• DIRECTIONS
Transcribe the entries below exactly from their first line through the line containing "El director general", and let no picture into the copy.

**** MATERIALS PROVIDED ****

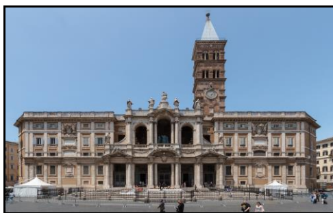
Římská bazilika Santa Maria Maggiore zasvěcená Panně Marii Sněžné.
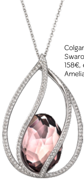
Colgante Swarovsky 158€, en Amelia
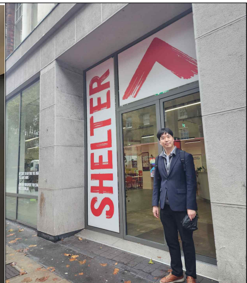
▲ Shelter 방문 사진(외부)
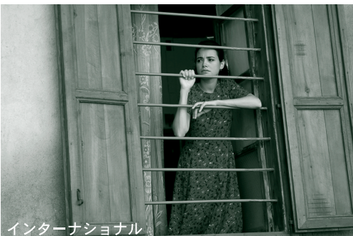
インターナショナル
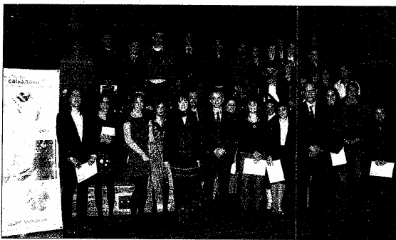
El director general de Caixanova en la entrega de los diplomas de las becas 2009

La importancia de la moda gallega vivió una especial eclosión en los años 80 y este momento tan especial se rememora ahora en el Pazo da Cultura de Pontevedra con la muestra Oe 80, moda en Galicia. Singularidades , una interesantísima iniciativa que está patrocinada por Caixanova.
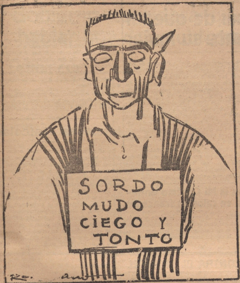
El pueb'o de Madrid (Apunte al natural)
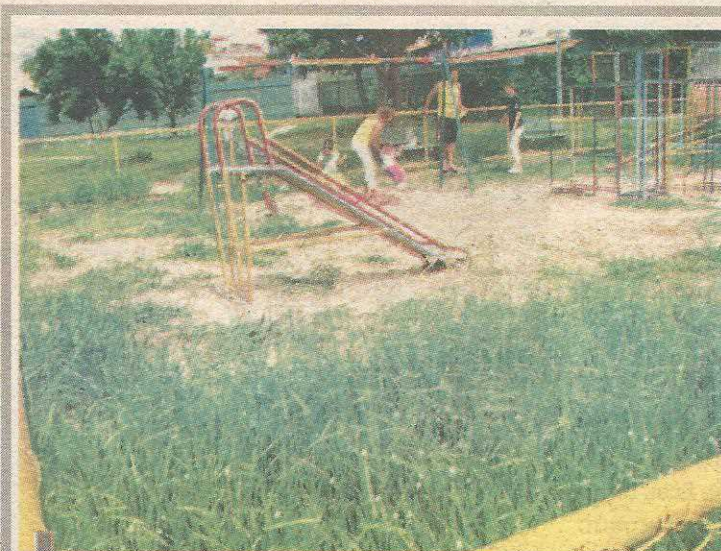
Parquinho infantil quase sem condi4oes de uso
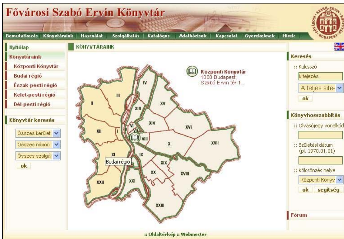
1. ábra A FSZEK honlapja

A szerkesztésnél követjük a Magyar Vakok és Gyengénlátók Országos Szövetsége által közzétett útmutatókat, a World Wide Web konzorcium (W3C) ajánlásait, és a különböző szakmai weboldalakon [3] található információkat, szerkesztési útmutatókat. Ezek mellett is fontosnak tartottuk, hogy e használói réteg számára egy külön menüpontot is létrehozzunk.
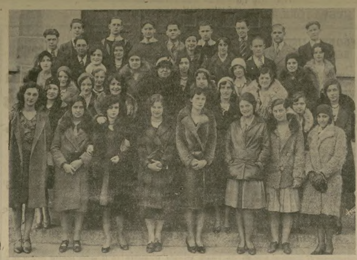
Reciente fotografía del Círculo Español de Richmond High School, tomada después de efectuar una de sus reuniones. Este círculo, con más de cincuenta socios, organiza simpáticas fiestas españolas, funciones de teatro que les hacen recordar con fruición los estudios de español. Los jóvenes estudiantes preparan para despedida de curso un animado baile de máscaras que se verificará el 6 de junio, con la asistencia de alumnos y profesores y en el que cada cual lucirá su inventiva y habilidad en la creación de un disfraz típico hispano.
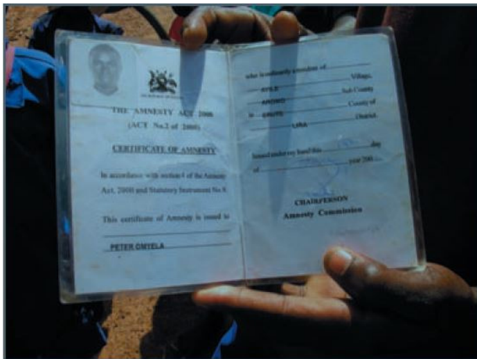
Zdroj: Allen 2006: 75

****

• YOUR SOLUTION
Římská bazilika Santa Maria Maggiore zasvěcená Panně Marii Sněžné.
Colgante Swarovsky 158€, en Amelia
▲ Shelter 방문 사진(외부)
インターナショナル
El director general de Caixanova en la entrega de los diplomas de las becas 2009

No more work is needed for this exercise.